What’s wrong with urllib and urllib2?

There are two critical features missing from the Python standard library: Connection re-using/pooling and file posting. It’s not terribly hard to implement these yourself, but it’s much easier to use a module that already did the work for you.

The Python standard libraries urllib and urllib2 have little to do with each other. They were designed to be independent and standalone, each solving a different scope of problems, and urllib3 follows in a similar vein.

Why do I want to reuse connections?

Performance. When you normally do a urllib call, a separate socket connection is created with each request. By reusing existing sockets (supported since HTTP 1.1), the requests will take up less resources on the server’s end, and also provide a faster response time at the client’s end. With some simple benchmarks (see test/ ), downloading 15 URLs from is about twice as fast when using HTTPConnectionPool (which uses 1 connection) than using plain urllib (which uses 15 connections).

This library is perfect for:

  • Talking to an API

  • Crawling a website

  • Any situation where being able to post files, handle redirection, and retrying is useful. It’s relatively lightweight, so it can be used for anything!


Go to for more nice syntax-highlighted examples.

But, long story short:

import urllib3

http = urllib3.PoolManager()

r = http.request('GET', '')

print r.status,

The PoolManager will take care of reusing connections for you whenever you request the same host. For more fine-grained control of your connection pools, you should look at ConnectionPool.

Run the tests

We use some external dependencies, multiple interpreters and code coverage analysis while running test suite. Our Makefile handles much of this for you as long as you’re running it inside of a virtualenv:

$ make test
[... magically installs dependencies and runs tests on your virtualenv]
Ran 182 tests in 1.633s


Note that code coverage less than 100% is regarded as a failing run. Some platform-specific tests are skipped unless run in that platform. To make sure the code works in all of urllib3’s supported platforms, you can run our tox suite:

$ make test-all
[... tox creates a virtualenv for every platform and runs tests inside of each]
py26: commands succeeded
py27: commands succeeded
py32: commands succeeded
py33: commands succeeded
py34: commands succeeded

Our test suite runs continuously on Travis CI with every pull request.

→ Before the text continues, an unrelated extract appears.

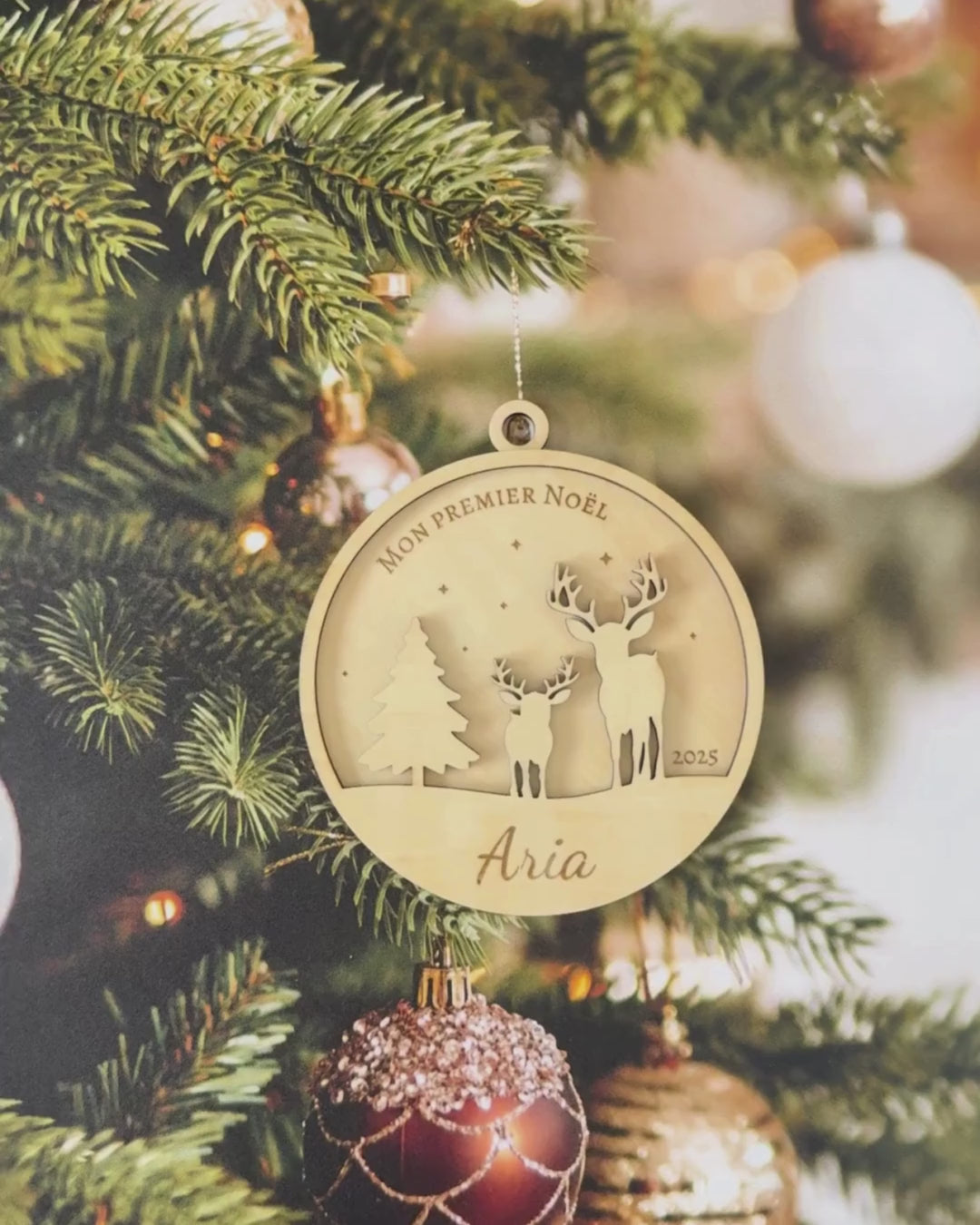 Célébrez un moment unique avec cette jolie boule de Noël personnalisée “Mon premier Noël”. Un souvenir précieux à accrocher dans le sapin pour marquer la première fête magique de bébé.

  1. Check for open issues or open a fresh issue to start a discussion around a feature idea or a bug. There is a Contributor Friendly tag for issues that should be ideal for people who are not very familiar with the codebase yet.

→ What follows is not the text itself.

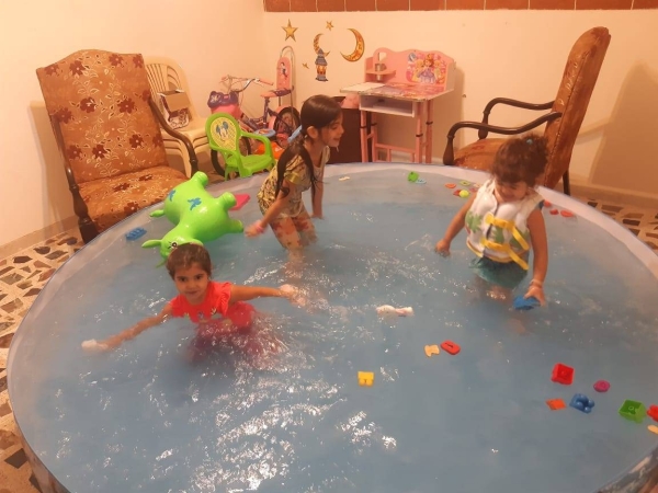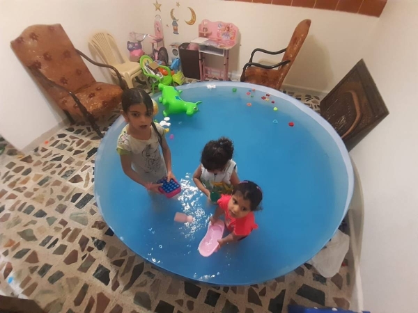 في ظل الطقس اللاهب بحرارته التي سجلت حتى الآن اعلى معدلاتها لهذا العام ، وفي ظل استمرار خطر تفشي فيروس كورونا ، حولت عائلة جنوبية في منطقة اقليم التفاح غرفة الجلوس داخل منزلها الى مسبح لأطفالها حفاظاً على سلامتهم وللتخفيف من وطاة حرارة الصيف عليهم ، بعدما قامت بشراء بركة صغيرة ووضعتها مكان بعض اثاث الغرفة .

  2. Fork the urllib3 repository on Github to start making your changes.

  3. Write a test which shows that the bug was fixed or that the feature works as expected.

  4. Send a pull request and bug the maintainer until it gets merged and published. :) Make sure to add yourself to CONTRIBUTORS.txt.


If your company benefits from this library, please consider sponsoring its development.


1.14 (2015-12-29)

  • contrib: SOCKS proxy support! (Issue #762)

  • Fixed AppEngine handling of transfer-encoding header and bug in Timeout defaults checking. (Issue #763)

1.13.1 (2015-12-18)

  • Fixed regression in IPv6 + SSL for match_hostname. (Issue #761)

1.13 (2015-12-14)

  • Fixed pip install urllib3[secure] on modern pip. (Issue #706)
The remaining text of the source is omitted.